# Pistol Pete



## Oldmechthings (Mar 11, 2008)

I need to make an opening statement that I'm not a gun nut. What I enjoy about them is that they are mechanical things, and machining parts for them is not different than machining parts for any other metal project, and I can express myself with a bit of art work.
When our son Mark was in high school he worked part time in a little gun store to earn some spending money, and through that experience he acquired the nick name "Pistol Pete". A name that he quite liked. In fact, at age 50 his wife still calls him "Pete". So a while ago, for a project for me, and a memento for him I built him a muzzle loading pistol. The barrel is a remnant from a rifle barrel. Patterns were carved and castings poured out of aluminum bronze. The butt cap is a casting that looks like the face of his little beagle dog. The hammer spring was hand forged out of a pitch fork tine. It has a carving of a moose, and an antelope, both of which Mark has bagged during his lifetime, plus oak and maple leaves. Although it does not show in very well in the pictures, the barrel is engraved with scroll work and the words "Pistol Pete". Ruby garnets are set in the fore end cap, the dragon's eyes and the beagle dog eyes. Although it is fully functional, it is very doubtful that it will ever be fired. It is a show piece.

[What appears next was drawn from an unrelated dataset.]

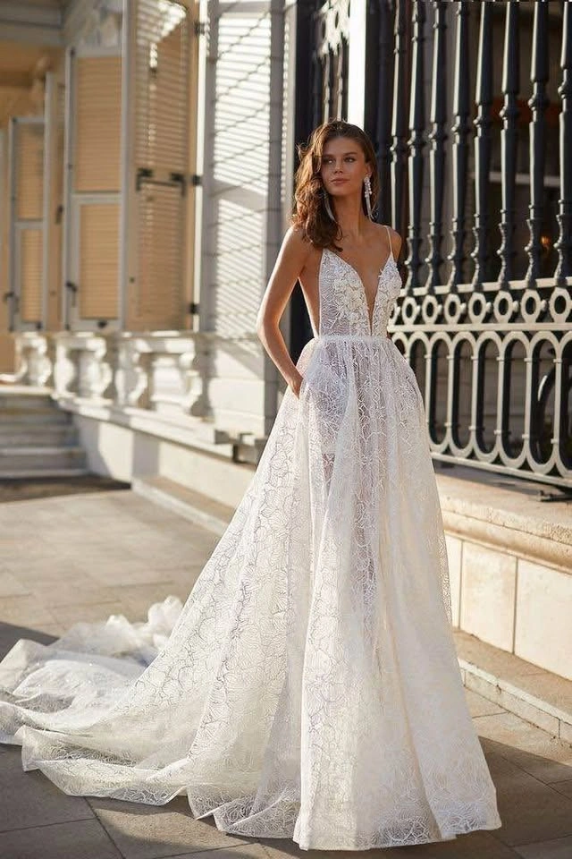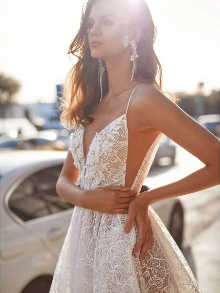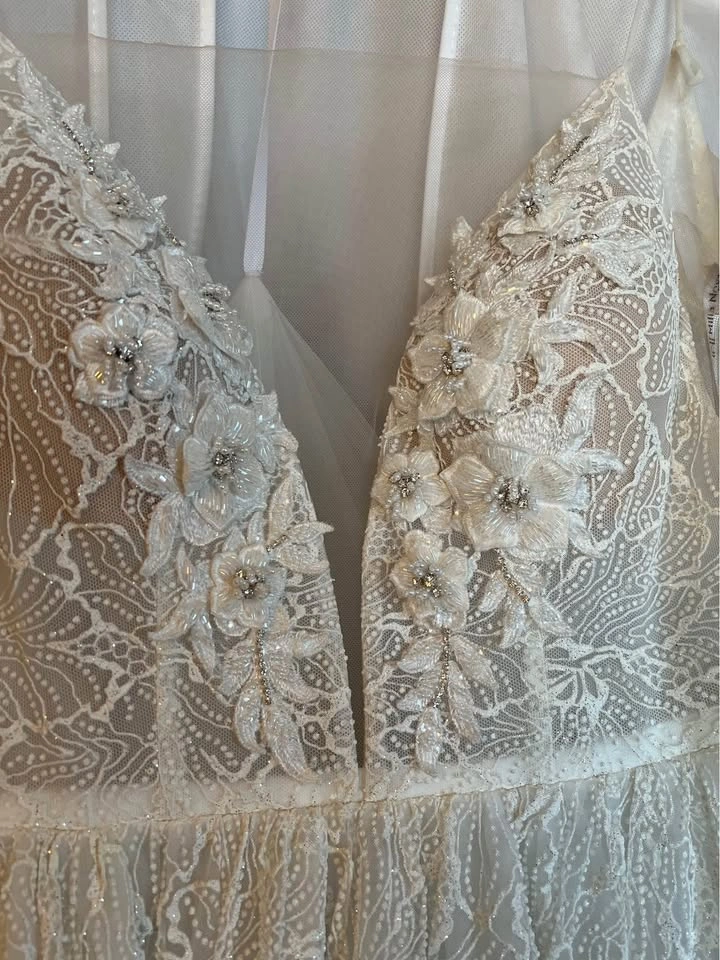 15New Milla Nova Bruna bridal gown. Never worn, only tried on. Size 8. Ivory colour. From the Milla Nova website: “Tender A-line, spaghetti straps wedding dress in white. Features a plunging V-neckline, side cutouts, open back, a semi-transparent lace skirt, and a long train.” Can provide original receipt. Motivated to sell - make an offer!

When I gave the pistol to Mark I was telling him that the hammer was a "Fire Spitting Dragon". His little daughter Shyrel who was about 6 at the time, put her hands on her hips, looked me straight in the eye, and said "No its not Grandpa, Its a baby dragon and it is sucking on the nipple." Oh well, you cannot fool then all the time, and some you cannot fool any of the time.
           Birk


----------



## mklotz (Mar 11, 2008)

Birk,

Is there any chance you would consider adopting me?


----------



## BobWarfield (Mar 11, 2008)

mklotz  said:
			
		

> Birk,
> 
> Is there any chance you would consider adopting me?



Marv, you shoulda thought of that before putting your photo as avatar!

Very nice piece of work. Out of the mouths of babes like your granddaughter come the most amazing things.

Best,

BW


----------



## Bogstandard (Mar 11, 2008)

Biting my lip and fingers stuck to the bench with superglue, I do have to admire the work you have put into it, a real work of art.

John


----------



## Powder keg (Mar 11, 2008)

That's not a show piece Birk. Thats a show stopper!!! Great work)

Wes


----------



## compound driver 2 (Mar 12, 2008)

Superb!


----------



## Paolo (Mar 12, 2008)

No dubt! It is a masterpiece!!! :bow:


----------



## Bernd (Mar 12, 2008)

I'm telling you. Between you and Bogstandard, I've never ever seen such masterful work being done.

I'm just in awe. :bow: :bow: :bow: :bow: (I think that pistol is worth four bows. ;D)

Bernd


----------



## rake60 (Mar 12, 2008)

Show Piece?

I'd call that Drop Dead Gorgeous!

Beautiful craftsmanship!!!

Rick


----------